» **Exercise aim**: Write out the listing below character for character, though without its pictures.

» **Data provided**:
^^^^

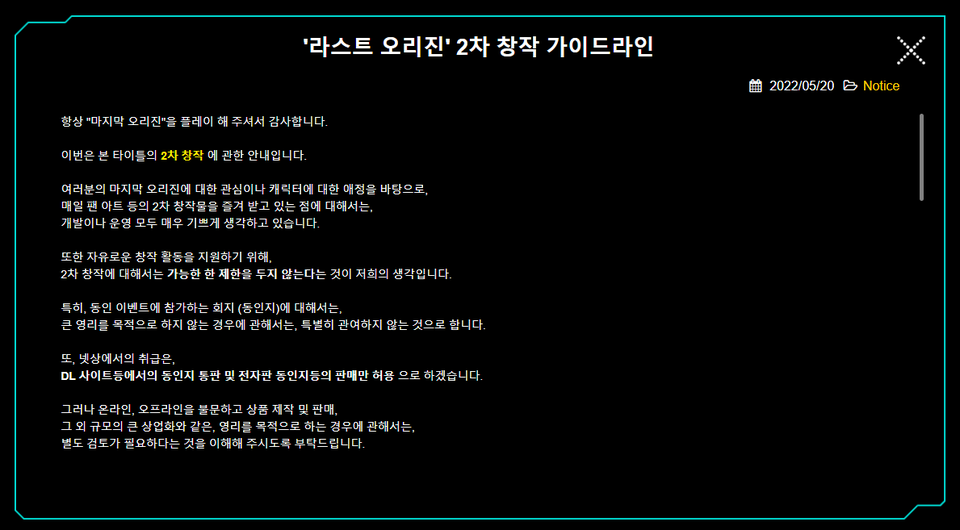 최근 국내에서 서비스 중인 모바일 수집형RPG 라스트오리진의 개발사 스마트조이가 트위터를 통해 흥미로운 공지를 했다. 일본의 DLsite 등에서 저작권을 이유로 판매를 중지시킨 2차 창작 저작물에 대해 직접적인 가이드라인을 제시한 것이다. 이 때문에 2차창작 저작물의 판매 정지가 풀렸고, 일본 현지에서 수많은 일러스트레이터에게 긍정적인 반응을 얻고 있다.
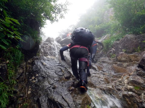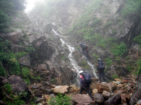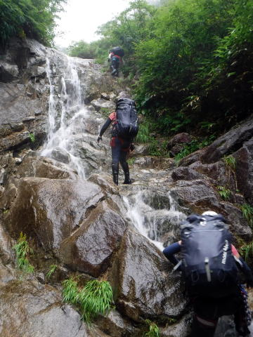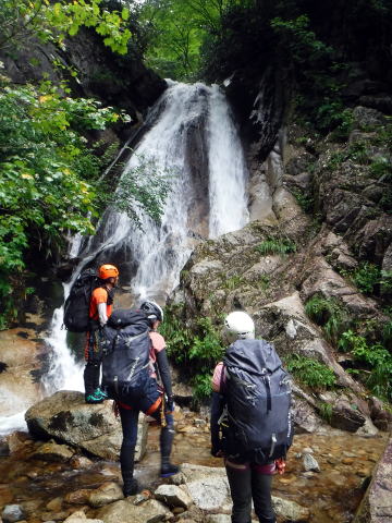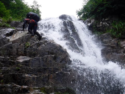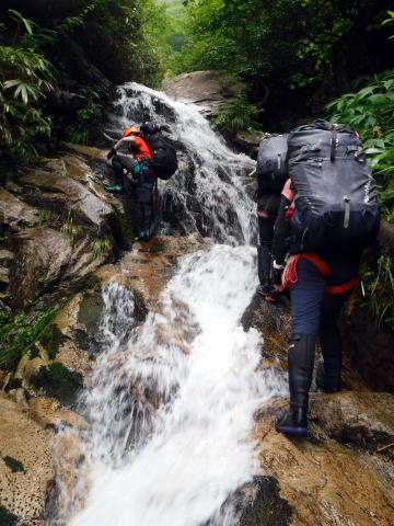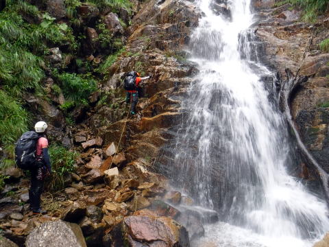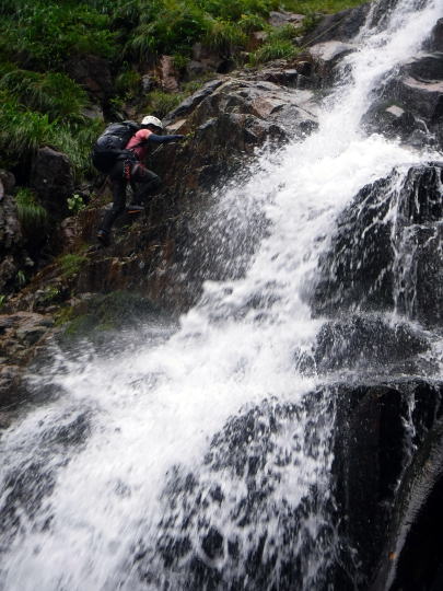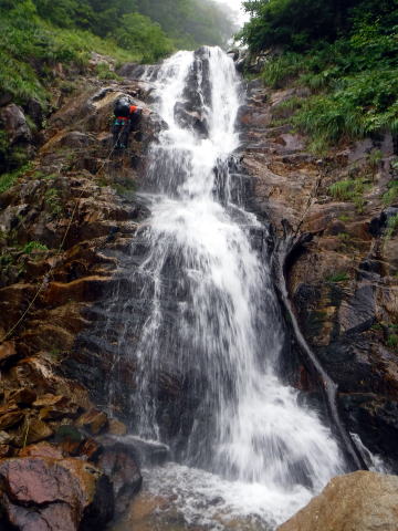 15m階段状の滝。ここは、高度感があるので、ザイルを出します。リードはヒマラーさん。この一本のザイルがあるなしで安心感が全然違います。
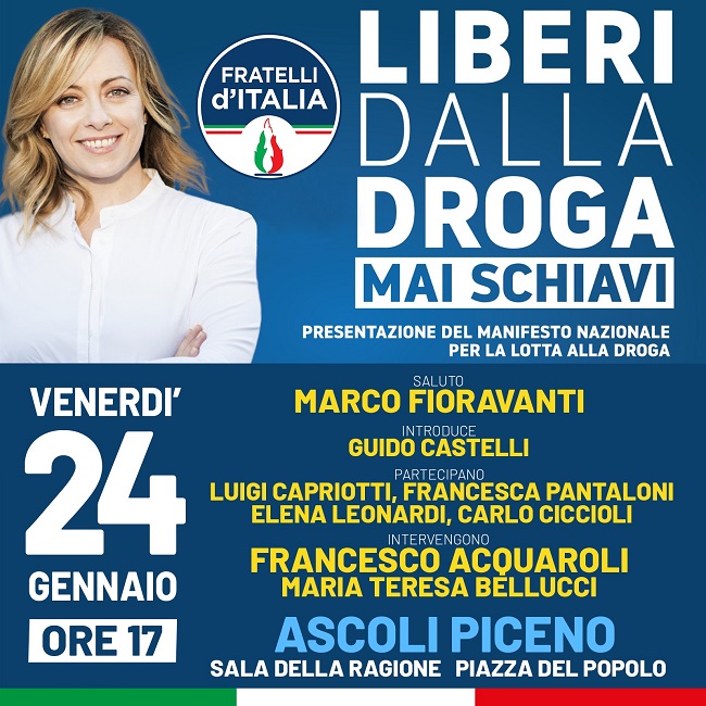 Anche ad Ascoli Piceno il 24 gennaio 2020, alle ore 17.00, nella sala della Ragione di Palazzo dei Capitani verrà presentato il manifesto nazionale per la lotta alla droga alla presenza dell’on Bellucci e di tutto il coordinamento regionale e provinciale del Partito.

^^^^

» **Response to the exercise**:
 최근 국내에서 서비스 중인 모바일 수집형RPG 라스트오리진의 개발사 스마트조이가 트위터를 통해 흥미로운 공지를 했다. 일본의 DLsite 등에서 저작권을 이유로 판매를 중지시킨 2차 창작 저작물에 대해 직접적인 가이드라인을 제시한 것이다. 이 때문에 2차창작 저작물의 판매 정지가 풀렸고, 일본 현지에서 수많은 일러스트레이터에게 긍정적인 반응을 얻고 있다.
 15m階段状の滝。ここは、高度感があるので、ザイルを出します。リードはヒマラーさん。この一本のザイルがあるなしで安心感が全然違います。
 Anche ad Ascoli Piceno il 24 gennaio 2020, alle ore 17.00, nella sala della Ragione di Palazzo dei Capitani verrà presentato il manifesto nazionale per la lotta alla droga alla presenza dell’on Bellucci e di tutto il coordinamento regionale e provinciale del Partito.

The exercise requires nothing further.